Cuccinelli: tomorrow’s election a ‘referendum on Obamacare’
Ken Cuccinelli soaks up applause at a campaign stop in Fauquier with his running mates and Sen. Marco Rubio (R-Fla). - Photo by Doug Stroud
One day before polls open, the entire Republican state ticket came to Fauquier County to fire up their base.
Standing in the Stoneridge Events Center just outside of Warrenton, Ken Cuccinelli, who is running for governor, E.W. Jackson, who is running for lieutenant governor, and Mark Obenshain, who is running for attorney general, appealed to more than 300 attendees - mostly older white men and women.
Sen. Marco Rubio (R-Fla.) stood with the three candidates, praising Cuccinelli and burnishing the GOP ticket's bona fides.
Cuccinelli tried to tie their Democratic opponents' fortunes to the botched roll-out of Healthcare.gov, the online health insurance exchange that is the linchpin of the Affordable Care Act.
Virginia's state-level election will be a referendum on the healthcare reform laws, Cuccinelli said.
“They're not standing behind Obamacare,” Cuccinelli said. “I'm scared to death of what Obamacare is doing to Virginia. Terry McAuliffe is scared to death of what Obamacare is doing to Terry McAuliffe.
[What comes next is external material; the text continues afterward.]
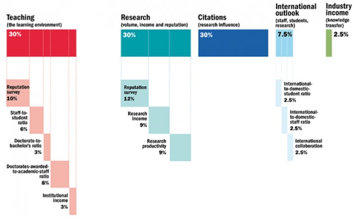 其中,教学占评分的30%,该方面包括教学声誉(10%)、师生比(6%)、博士与学士比例(3%)、教职工博士学位比例(8%)、机构收入(3%)5项指标。研究占评分的30%,该方面包括研究声誉(12%)、研究收入(9%)、研究效率(9%)3项指标。引文占评分的30%。国际视野占评分的7.5%,该方面包括国际学生比例(2.5%)、国际教职工比例(2.5%)、国际合作(2.5%)3项指标。此外,行业收入占评分的2.5%。

“And tomorrow, we need to make his fears come true,” Cuccinelli said to cheers.
Cuccinelli reminded the crowd that he was the first state attorney general to challenge the Affordable Care Act, firing off a legal suit 30 minutes after President Barack Obama signed the reforms into law.
Rubio joined the state candidates in piling onto Healthcare.gov, reminding them that according to internal notes, only six people signed up for insurance on the first day the site went live.
“What do the Democrats in this race stand for?” Rubio asked.
“Socialism,” one attendee called out.
“They stand for the same failed policies that have never worked anywhere they've tried,” Rubio said.
The candidates told the audience that they were spreading a positive message, then called McAuliffe, Cuccinelli's Democrat opponent, a liar. They slung mud at McAuliffe's campaign for drawing the majority of his campaign funds from out-of-state interests, when the same has become true of their own campaign.
According to a September report from the Virginia Public Access Project, only 26.6 percent of McAuliffe's fundraising has come from Virginians. Cuccinelli's campaign has fared little different, drawing only 30.5 percent of its funds from Virginians.
E. W. Jackson affirmed his opposition to the Environmental Protection Agency, regulations to the coal industry and health care reform.
Jackson, in his first public visit to Fauquier County since the Tea Party's 2012 protest against the county's Board of Zoning Appeals, accused Democrats of taking a cynical view of minorities.
“You are pawns on their political chessboard,” Jackson said.
He taunted the news networks who sent reporters to cover the campaign stop.
“I've got news for the mainstream media,” Jackson said. “They're going to find out that the people of Virginia know better than to believe the lies. They're standing up to them and they're going to give us a victory tomorrow.”
Obenshain, who has campaigned as a successor in kind to Cuccinelli's brand of leadership as attorney general, said he would work to fight human trafficking and support public safety officials' efforts to protect senior citizens.
“We need an attorney general who is going to stand strong for our economy, who understands that regulations are the number one job killers in America,” Obenshain said. “An attorney general who's going to stand up and fight for our right to work laws, and when the federal government steps over the line, an attorney general who is willing just as Ken Cuccinelli did, to stand up.”